• [THE TASK]: Copy word for word the lines of the records below, beginning at the one with "Materiał tekstylny, z" and finishing at the one with "Daily activity patterns", ends included, but none of the pictures.

• [MATERIAL PROVIDED]:
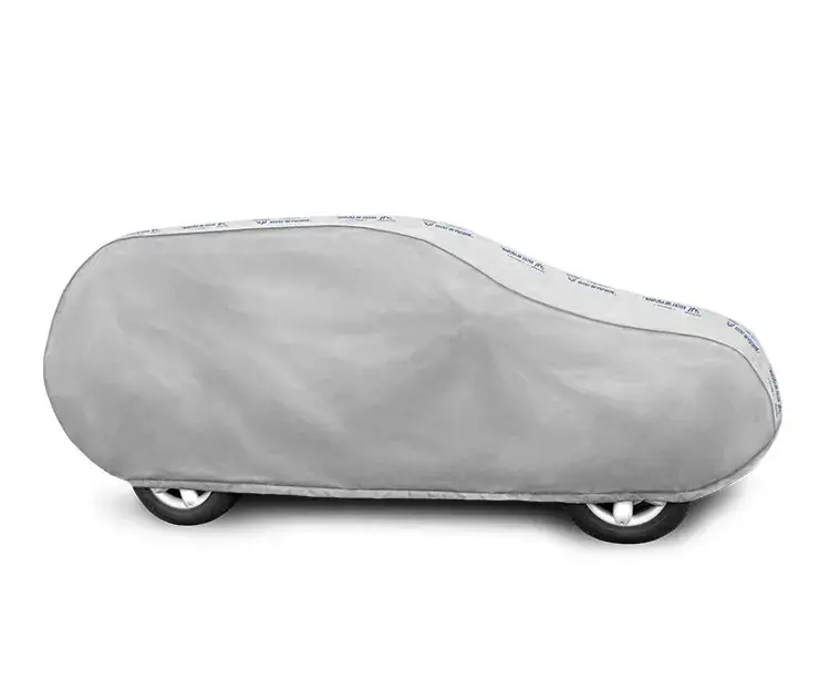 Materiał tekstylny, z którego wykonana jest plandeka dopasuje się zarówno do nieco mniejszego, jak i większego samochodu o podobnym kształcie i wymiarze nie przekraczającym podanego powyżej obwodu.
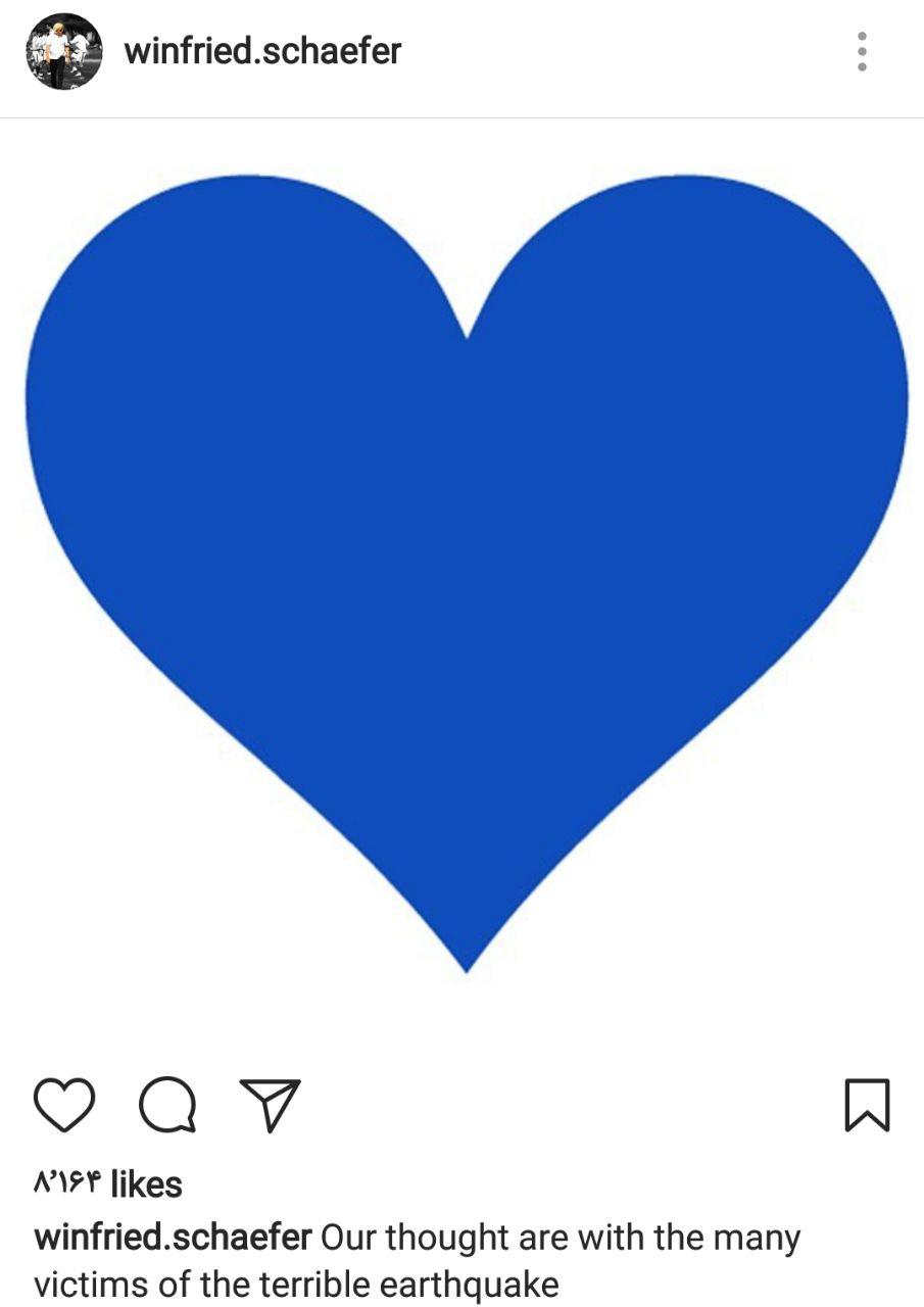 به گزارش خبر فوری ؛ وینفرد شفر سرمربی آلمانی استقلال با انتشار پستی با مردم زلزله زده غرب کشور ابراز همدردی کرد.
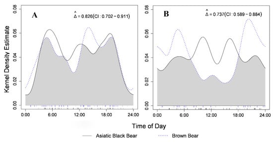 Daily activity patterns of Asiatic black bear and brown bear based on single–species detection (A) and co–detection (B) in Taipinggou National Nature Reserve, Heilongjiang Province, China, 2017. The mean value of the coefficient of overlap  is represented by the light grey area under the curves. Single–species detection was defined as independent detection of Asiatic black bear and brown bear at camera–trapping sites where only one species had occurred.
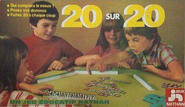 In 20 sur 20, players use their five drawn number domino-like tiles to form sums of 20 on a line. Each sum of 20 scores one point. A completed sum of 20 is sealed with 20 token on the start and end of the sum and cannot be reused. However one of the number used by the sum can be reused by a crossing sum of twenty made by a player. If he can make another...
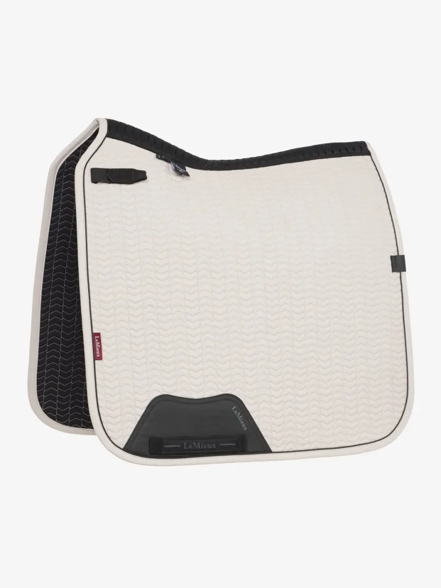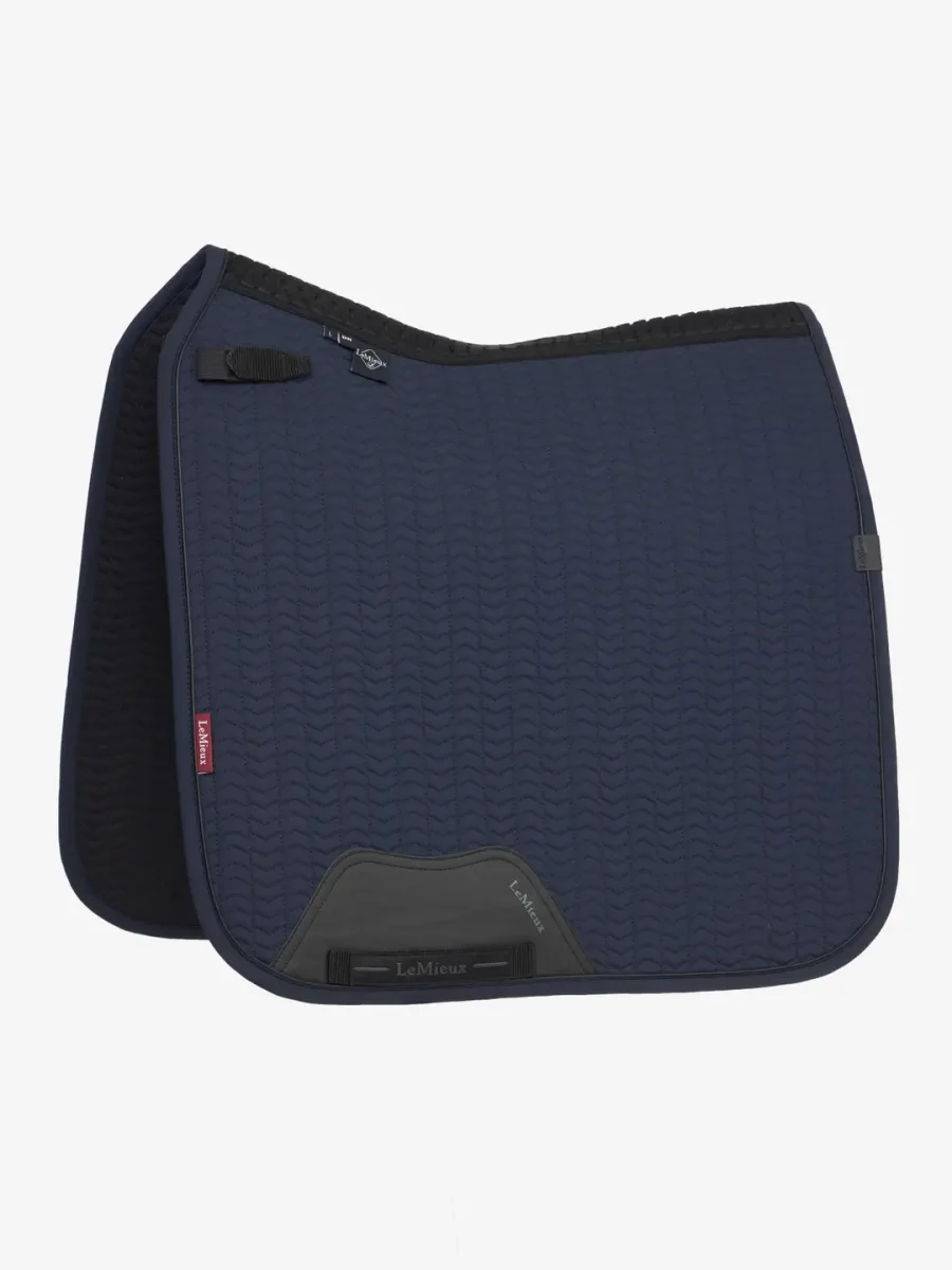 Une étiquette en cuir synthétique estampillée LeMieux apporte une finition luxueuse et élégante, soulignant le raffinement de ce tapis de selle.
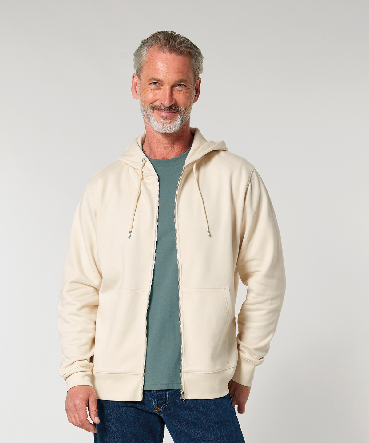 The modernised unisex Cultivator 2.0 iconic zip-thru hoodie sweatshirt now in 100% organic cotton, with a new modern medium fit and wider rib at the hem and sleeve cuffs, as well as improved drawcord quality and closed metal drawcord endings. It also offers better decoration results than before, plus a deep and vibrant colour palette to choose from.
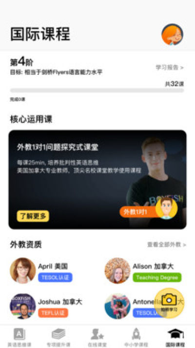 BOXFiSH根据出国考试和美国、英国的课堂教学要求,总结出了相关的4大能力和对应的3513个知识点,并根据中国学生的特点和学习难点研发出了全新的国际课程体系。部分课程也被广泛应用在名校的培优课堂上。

--

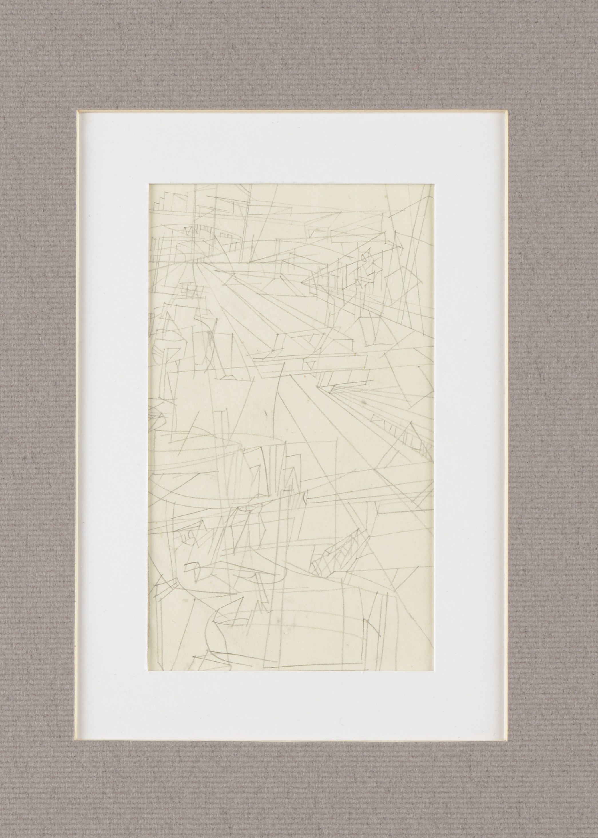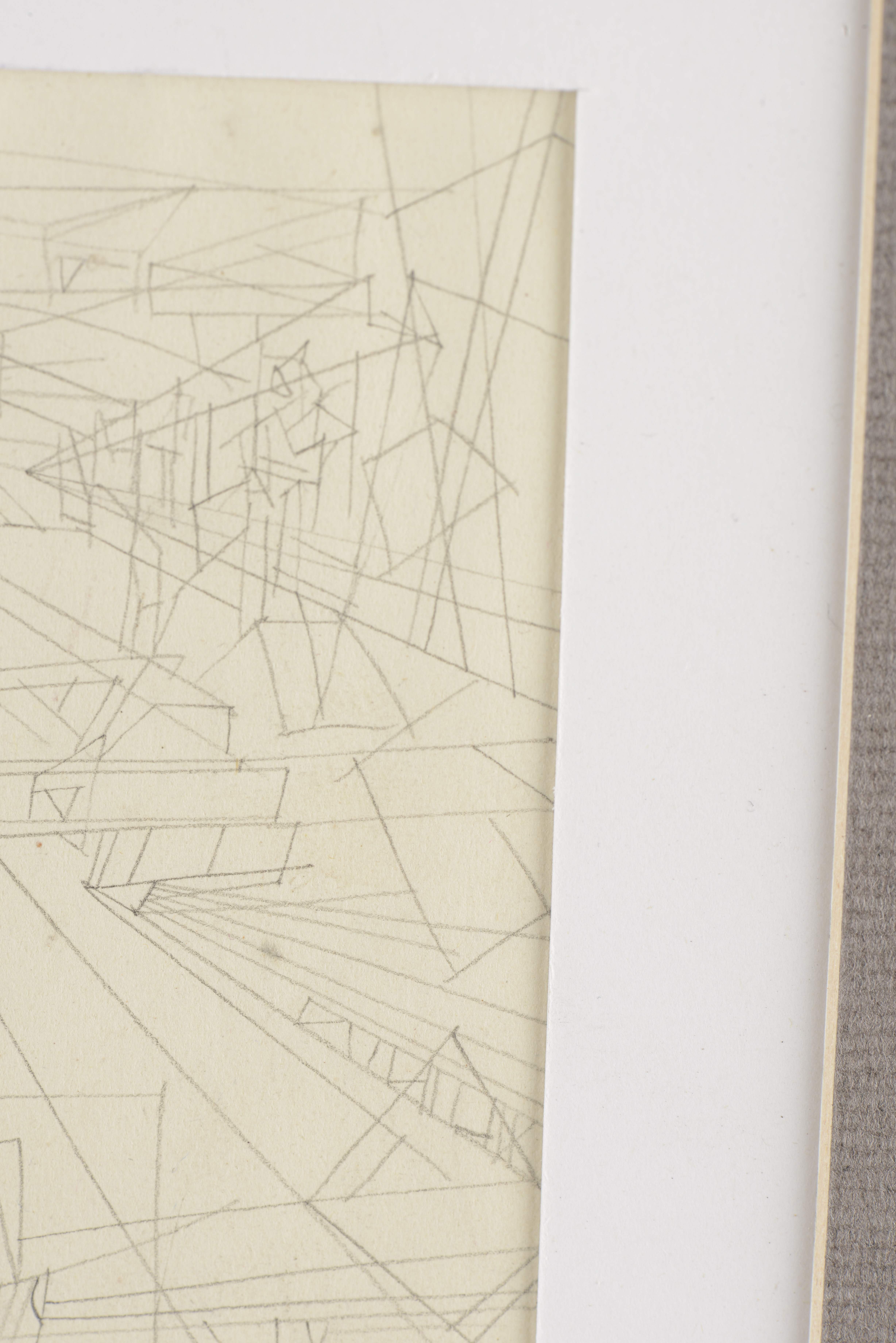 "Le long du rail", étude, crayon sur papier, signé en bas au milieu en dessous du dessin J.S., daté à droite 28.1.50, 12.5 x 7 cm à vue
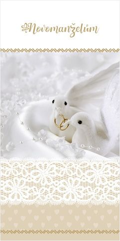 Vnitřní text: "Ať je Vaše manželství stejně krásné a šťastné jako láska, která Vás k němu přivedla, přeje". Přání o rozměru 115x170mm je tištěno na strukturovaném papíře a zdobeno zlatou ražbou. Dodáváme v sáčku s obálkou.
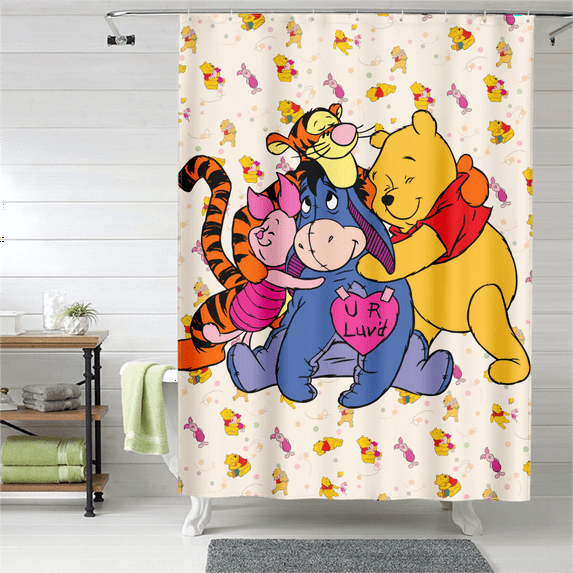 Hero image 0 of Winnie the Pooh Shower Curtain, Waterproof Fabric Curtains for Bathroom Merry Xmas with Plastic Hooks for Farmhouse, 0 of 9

• [RESULT OF THE TASK]:
 Materiał tekstylny, z którego wykonana jest plandeka dopasuje się zarówno do nieco mniejszego, jak i większego samochodu o podobnym kształcie i wymiarze nie przekraczającym podanego powyżej obwodu.
 به گزارش خبر فوری ؛ وینفرد شفر سرمربی آلمانی استقلال با انتشار پستی با مردم زلزله زده غرب کشور ابراز همدردی کرد.
 Daily activity patterns of Asiatic black bear and brown bear based on single–species detection (A) and co–detection (B) in Taipinggou National Nature Reserve, Heilongjiang Province, China, 2017. The mean value of the coefficient of overlap  is represented by the light grey area under the curves. Single–species detection was defined as independent detection of Asiatic black bear and brown bear at camera–trapping sites where only one species had occurred.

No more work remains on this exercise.